In the listing below, locate the line with "I'm having a" and the line with "Мудрик підтвердив інформацію", then output both and everything between them exactly, minus any pictures.

§ Record excerpts:
◆ ◆ ◆ ◆ ◆ ◆ ◆

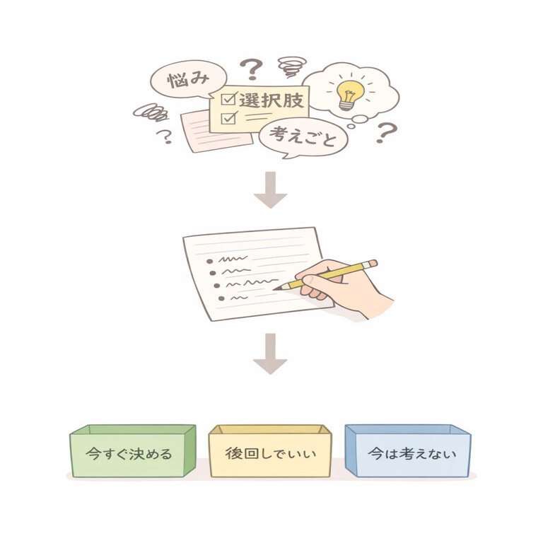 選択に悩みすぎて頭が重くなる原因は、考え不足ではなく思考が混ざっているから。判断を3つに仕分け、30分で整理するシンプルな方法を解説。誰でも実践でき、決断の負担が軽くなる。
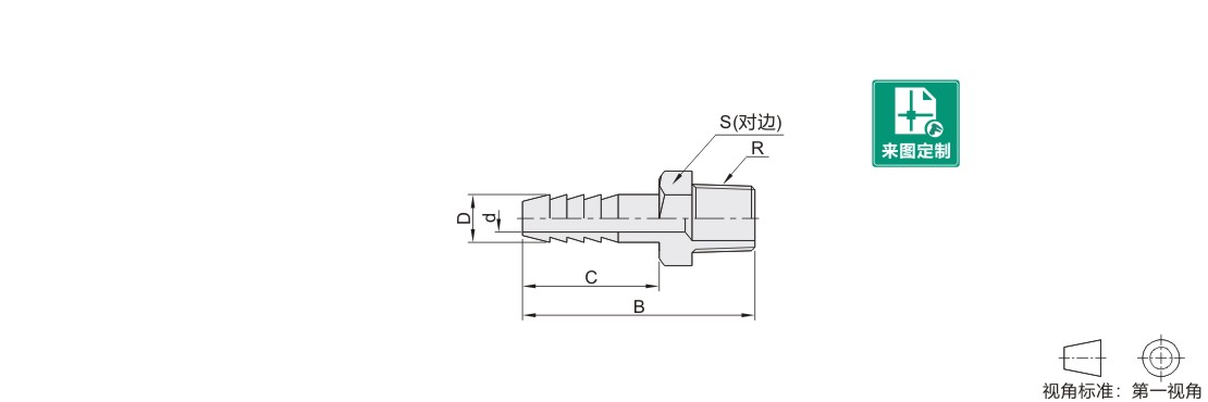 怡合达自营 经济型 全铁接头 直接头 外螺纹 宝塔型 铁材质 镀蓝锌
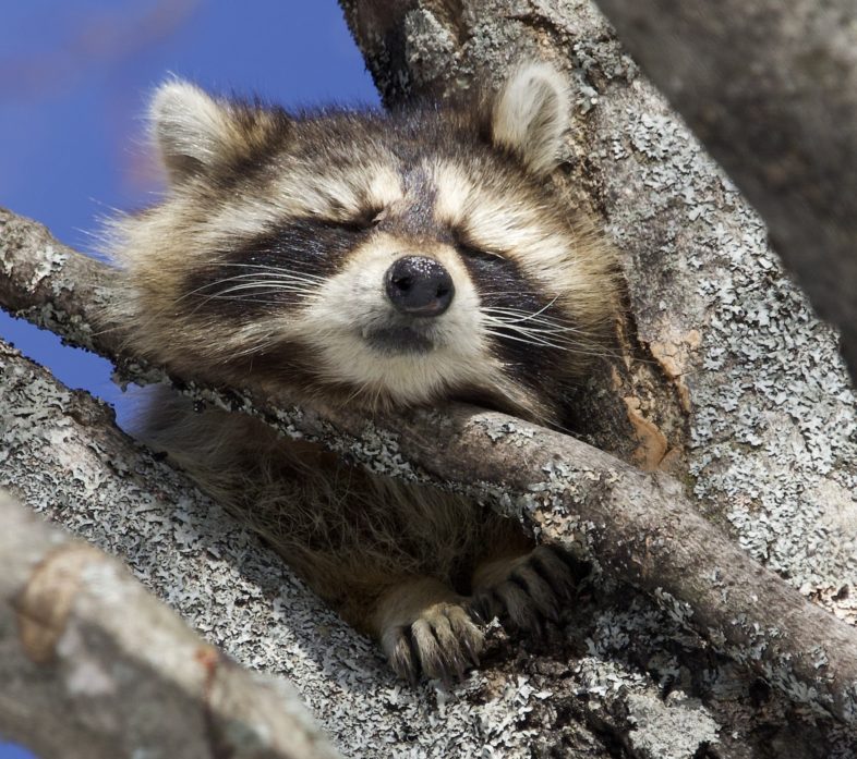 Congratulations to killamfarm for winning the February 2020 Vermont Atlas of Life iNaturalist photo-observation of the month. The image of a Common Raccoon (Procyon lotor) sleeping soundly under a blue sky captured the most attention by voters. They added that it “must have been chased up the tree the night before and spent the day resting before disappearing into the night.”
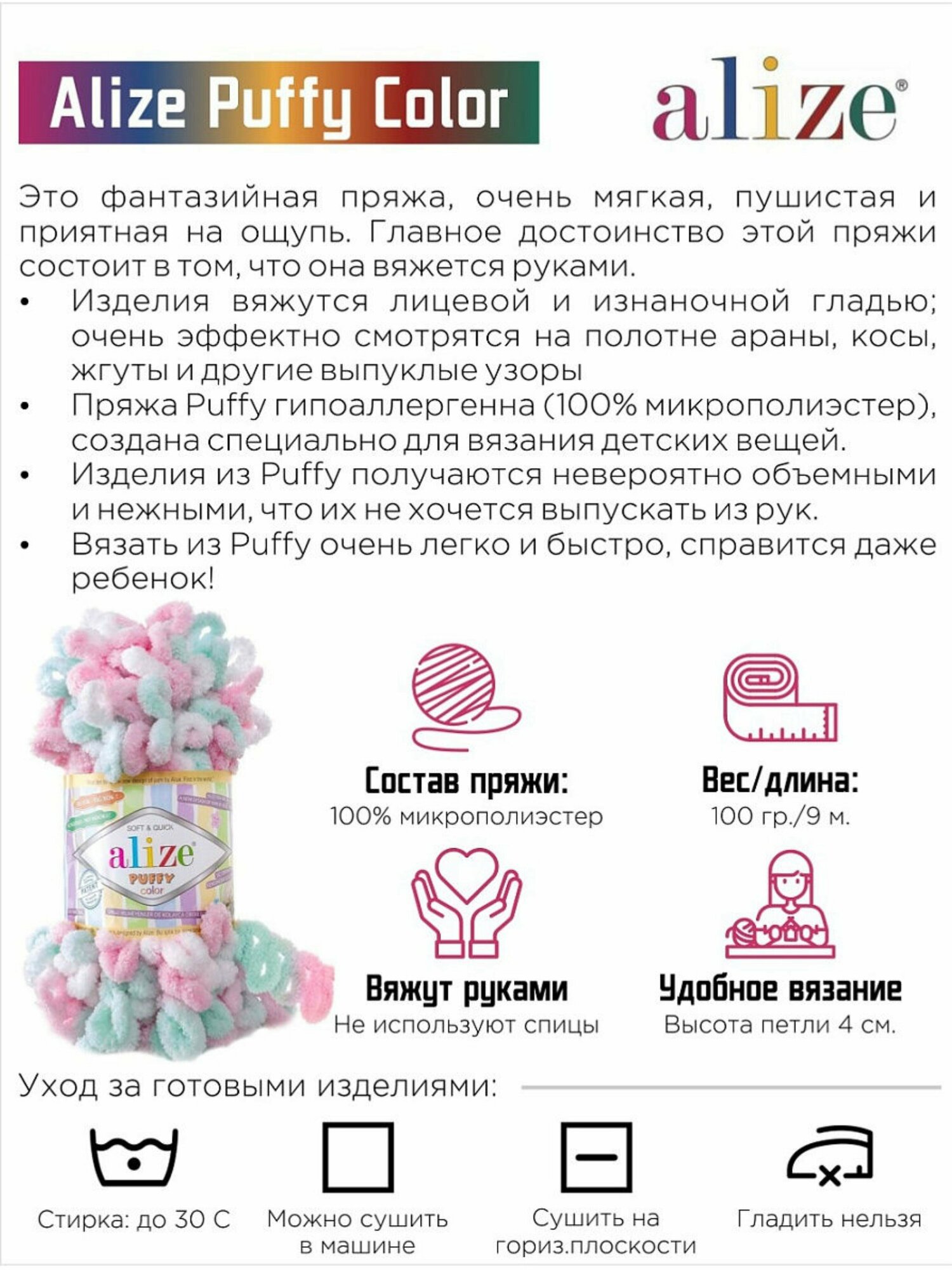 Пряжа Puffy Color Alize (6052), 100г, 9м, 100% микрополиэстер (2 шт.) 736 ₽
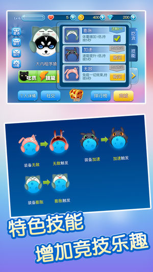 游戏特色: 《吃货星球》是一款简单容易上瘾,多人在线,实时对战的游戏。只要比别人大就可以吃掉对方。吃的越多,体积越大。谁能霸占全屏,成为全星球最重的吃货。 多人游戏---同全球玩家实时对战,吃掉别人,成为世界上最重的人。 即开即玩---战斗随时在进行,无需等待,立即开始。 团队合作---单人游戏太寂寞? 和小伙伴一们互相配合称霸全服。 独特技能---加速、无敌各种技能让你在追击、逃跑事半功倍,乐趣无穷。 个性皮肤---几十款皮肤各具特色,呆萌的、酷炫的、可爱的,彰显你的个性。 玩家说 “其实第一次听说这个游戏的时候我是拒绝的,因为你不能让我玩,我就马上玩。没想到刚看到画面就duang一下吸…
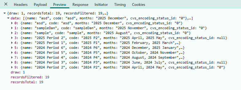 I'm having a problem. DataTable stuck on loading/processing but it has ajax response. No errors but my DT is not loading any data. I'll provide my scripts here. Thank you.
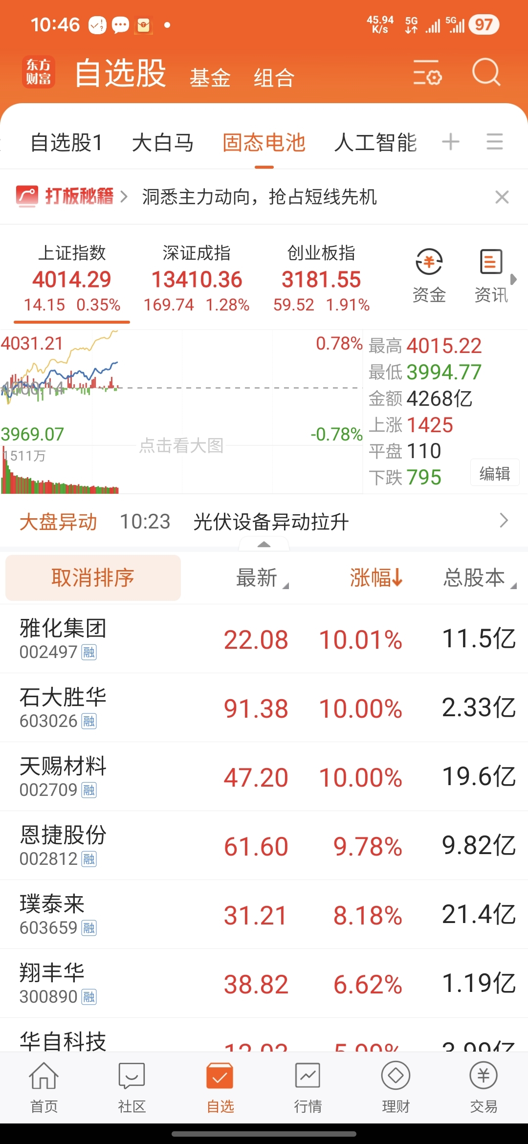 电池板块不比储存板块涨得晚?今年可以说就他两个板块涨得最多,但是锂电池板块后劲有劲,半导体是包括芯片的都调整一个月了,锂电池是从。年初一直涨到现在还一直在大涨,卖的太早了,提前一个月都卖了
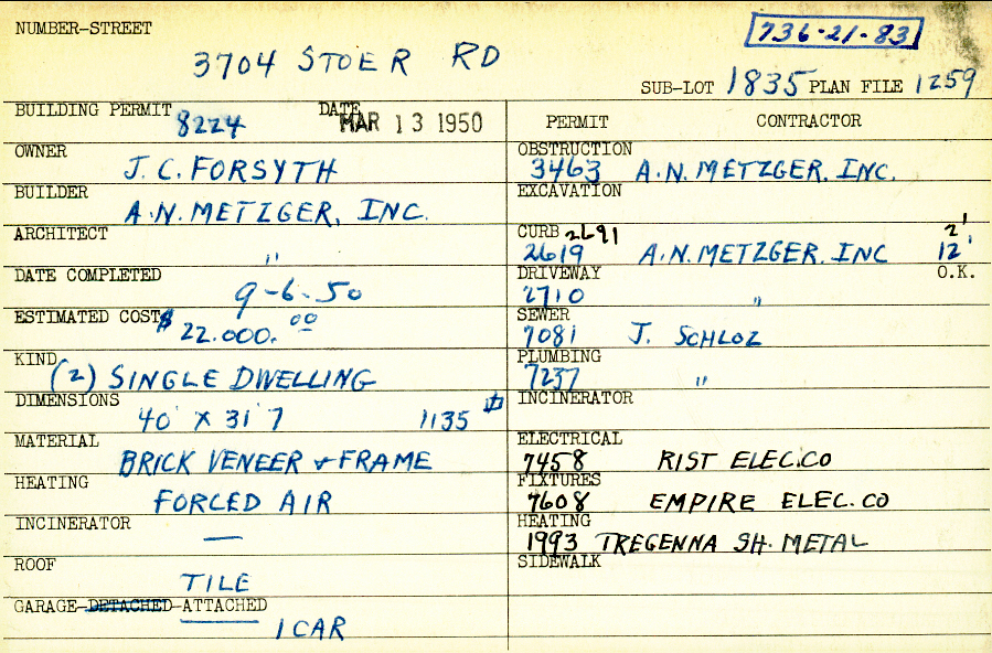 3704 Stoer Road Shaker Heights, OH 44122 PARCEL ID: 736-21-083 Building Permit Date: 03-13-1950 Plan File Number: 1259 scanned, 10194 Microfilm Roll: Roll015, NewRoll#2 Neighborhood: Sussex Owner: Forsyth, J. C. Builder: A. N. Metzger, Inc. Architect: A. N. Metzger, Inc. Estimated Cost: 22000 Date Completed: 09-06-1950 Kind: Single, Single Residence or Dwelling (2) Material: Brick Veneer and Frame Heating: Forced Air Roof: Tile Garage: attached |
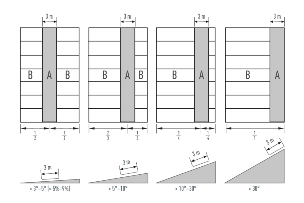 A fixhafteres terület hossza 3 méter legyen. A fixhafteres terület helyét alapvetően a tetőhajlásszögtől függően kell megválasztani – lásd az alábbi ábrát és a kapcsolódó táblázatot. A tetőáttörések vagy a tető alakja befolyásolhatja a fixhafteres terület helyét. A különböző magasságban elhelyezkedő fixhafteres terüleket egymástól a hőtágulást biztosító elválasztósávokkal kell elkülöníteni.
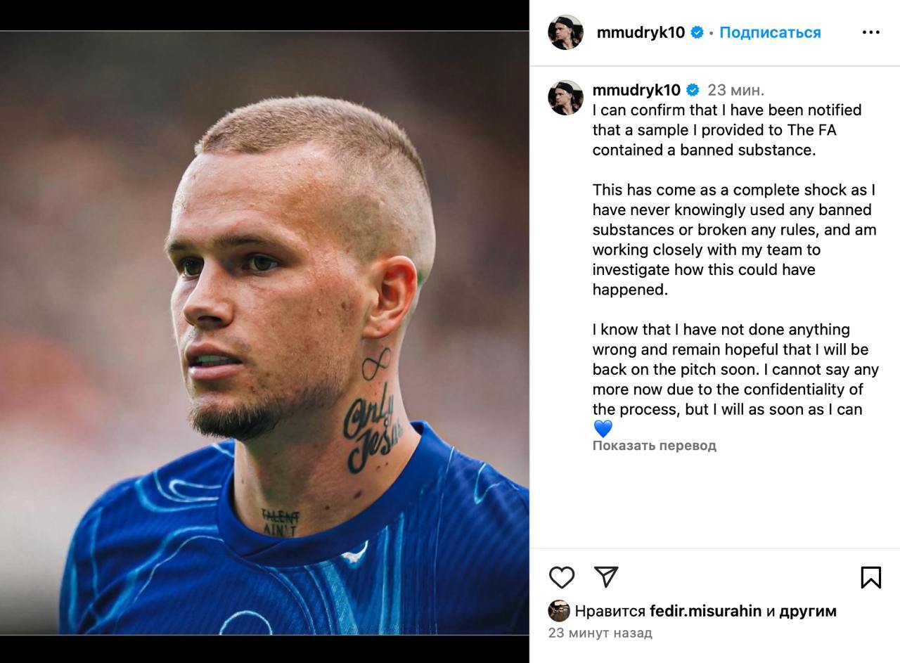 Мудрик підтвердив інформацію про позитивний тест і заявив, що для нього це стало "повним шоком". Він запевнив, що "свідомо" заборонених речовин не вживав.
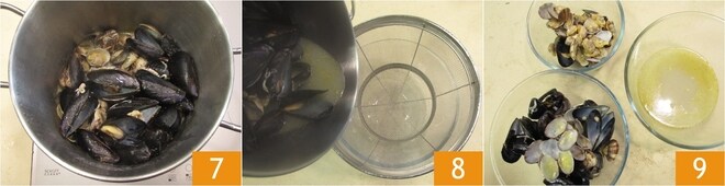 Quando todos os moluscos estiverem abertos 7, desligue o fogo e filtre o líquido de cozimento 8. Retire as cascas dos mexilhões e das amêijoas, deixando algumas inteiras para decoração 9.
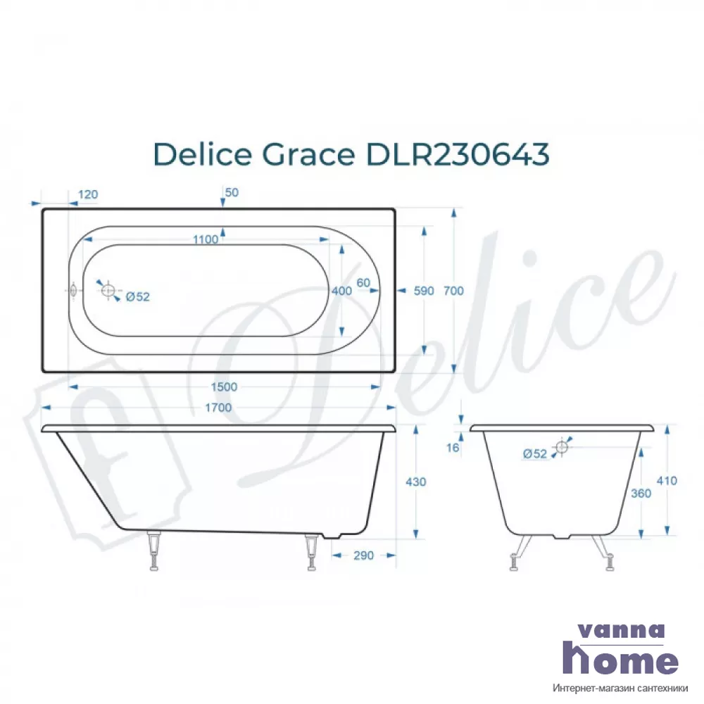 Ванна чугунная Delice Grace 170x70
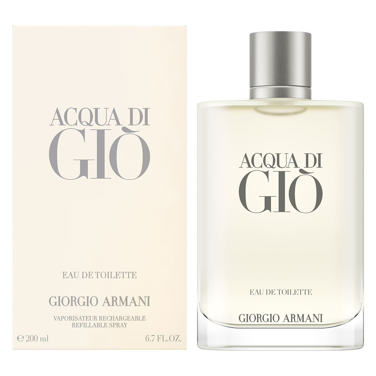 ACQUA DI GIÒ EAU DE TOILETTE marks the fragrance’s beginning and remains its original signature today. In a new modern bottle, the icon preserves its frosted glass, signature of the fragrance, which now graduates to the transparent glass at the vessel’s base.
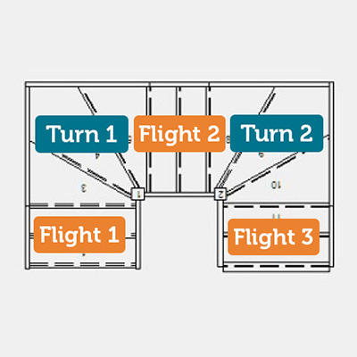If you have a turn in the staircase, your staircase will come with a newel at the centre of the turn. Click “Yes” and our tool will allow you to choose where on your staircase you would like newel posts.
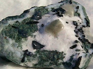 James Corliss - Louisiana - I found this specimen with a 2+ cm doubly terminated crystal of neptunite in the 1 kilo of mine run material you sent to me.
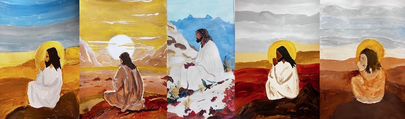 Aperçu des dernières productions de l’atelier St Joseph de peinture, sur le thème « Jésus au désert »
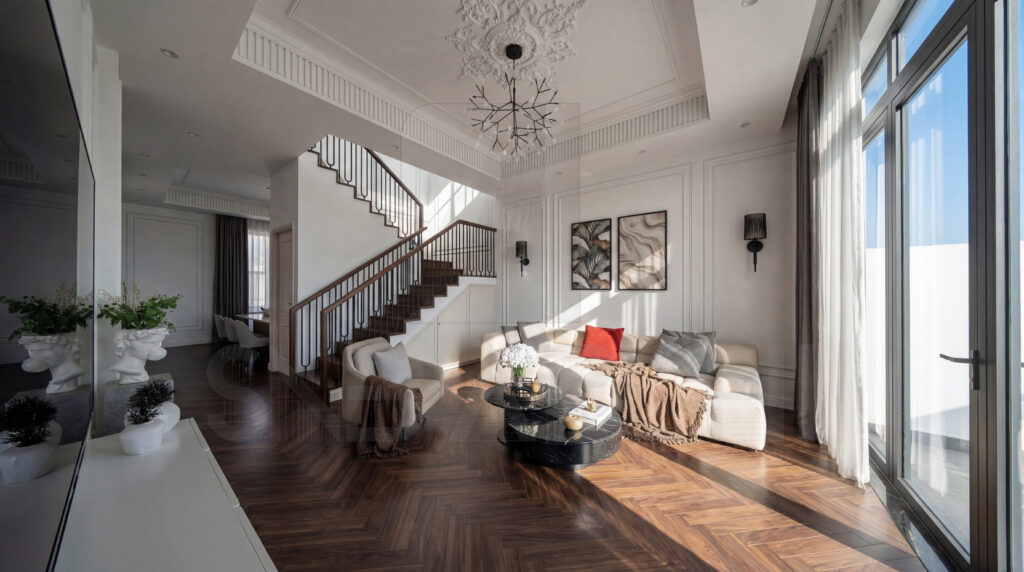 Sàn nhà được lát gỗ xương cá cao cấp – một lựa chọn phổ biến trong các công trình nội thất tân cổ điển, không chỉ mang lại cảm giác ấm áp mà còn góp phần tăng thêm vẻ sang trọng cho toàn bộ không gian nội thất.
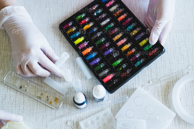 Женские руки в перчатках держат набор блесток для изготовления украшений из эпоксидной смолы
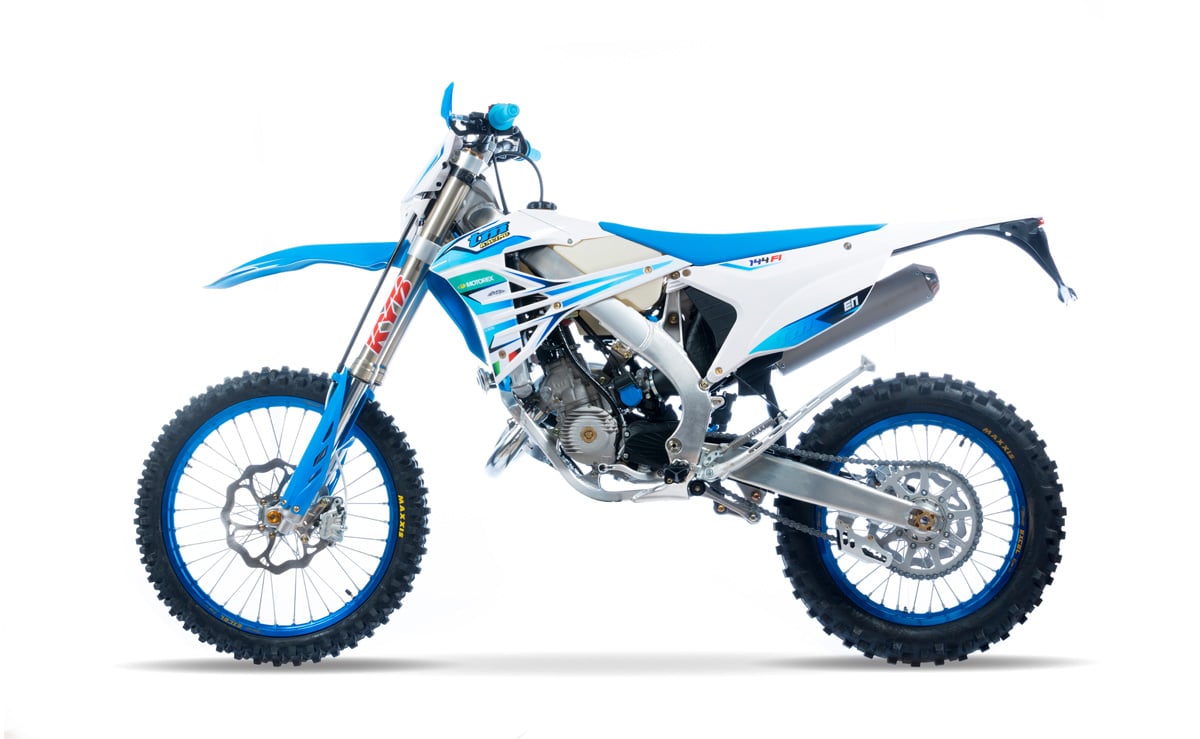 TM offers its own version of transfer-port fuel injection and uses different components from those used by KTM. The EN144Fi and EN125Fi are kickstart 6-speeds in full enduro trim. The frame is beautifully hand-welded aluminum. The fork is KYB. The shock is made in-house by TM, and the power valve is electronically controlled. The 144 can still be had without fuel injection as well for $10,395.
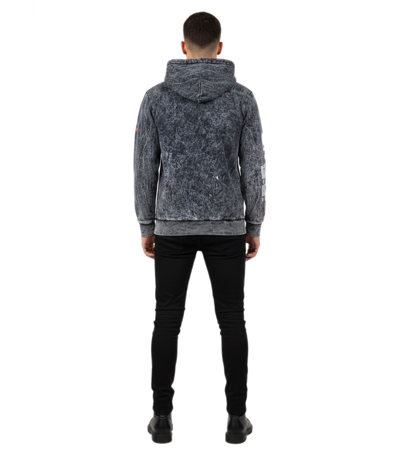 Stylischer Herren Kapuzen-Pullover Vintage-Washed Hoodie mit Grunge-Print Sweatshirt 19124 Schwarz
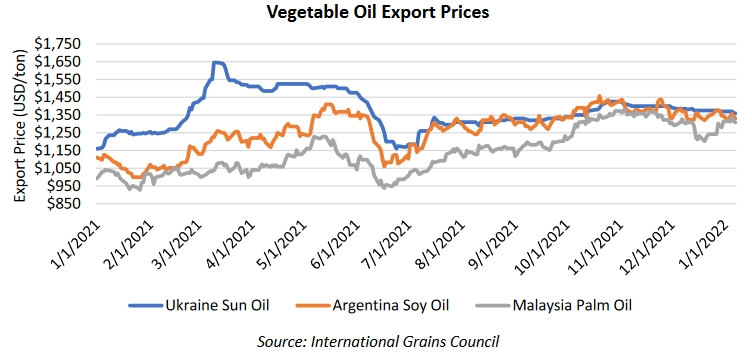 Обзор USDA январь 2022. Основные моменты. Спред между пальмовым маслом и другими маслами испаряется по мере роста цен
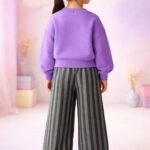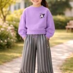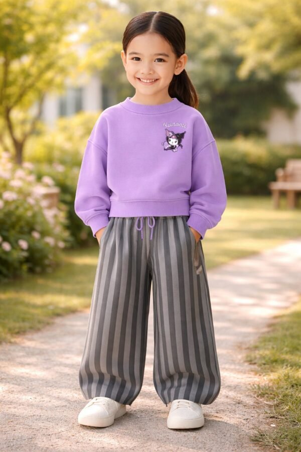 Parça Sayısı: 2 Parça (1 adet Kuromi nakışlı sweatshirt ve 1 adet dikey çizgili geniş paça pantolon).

◆ ◆ ◆ ◆ ◆ ◆ ◆

§ Expected answer:
 I'm having a problem. DataTable stuck on loading/processing but it has ajax response. No errors but my DT is not loading any data. I'll provide my scripts here. Thank you.
 电池板块不比储存板块涨得晚?今年可以说就他两个板块涨得最多,但是锂电池板块后劲有劲,半导体是包括芯片的都调整一个月了,锂电池是从。年初一直涨到现在还一直在大涨,卖的太早了,提前一个月都卖了
 3704 Stoer Road Shaker Heights, OH 44122 PARCEL ID: 736-21-083 Building Permit Date: 03-13-1950 Plan File Number: 1259 scanned, 10194 Microfilm Roll: Roll015, NewRoll#2 Neighborhood: Sussex Owner: Forsyth, J. C. Builder: A. N. Metzger, Inc. Architect: A. N. Metzger, Inc. Estimated Cost: 22000 Date Completed: 09-06-1950 Kind: Single, Single Residence or Dwelling (2) Material: Brick Veneer and Frame Heating: Forced Air Roof: Tile Garage: attached |
 A fixhafteres terület hossza 3 méter legyen. A fixhafteres terület helyét alapvetően a tetőhajlásszögtől függően kell megválasztani – lásd az alábbi ábrát és a kapcsolódó táblázatot. A tetőáttörések vagy a tető alakja befolyásolhatja a fixhafteres terület helyét. A különböző magasságban elhelyezkedő fixhafteres terüleket egymástól a hőtágulást biztosító elválasztósávokkal kell elkülöníteni.
 Мудрик підтвердив інформацію про позитивний тест і заявив, що для нього це стало "повним шоком". Він запевнив, що "свідомо" заборонених речовин не вживав.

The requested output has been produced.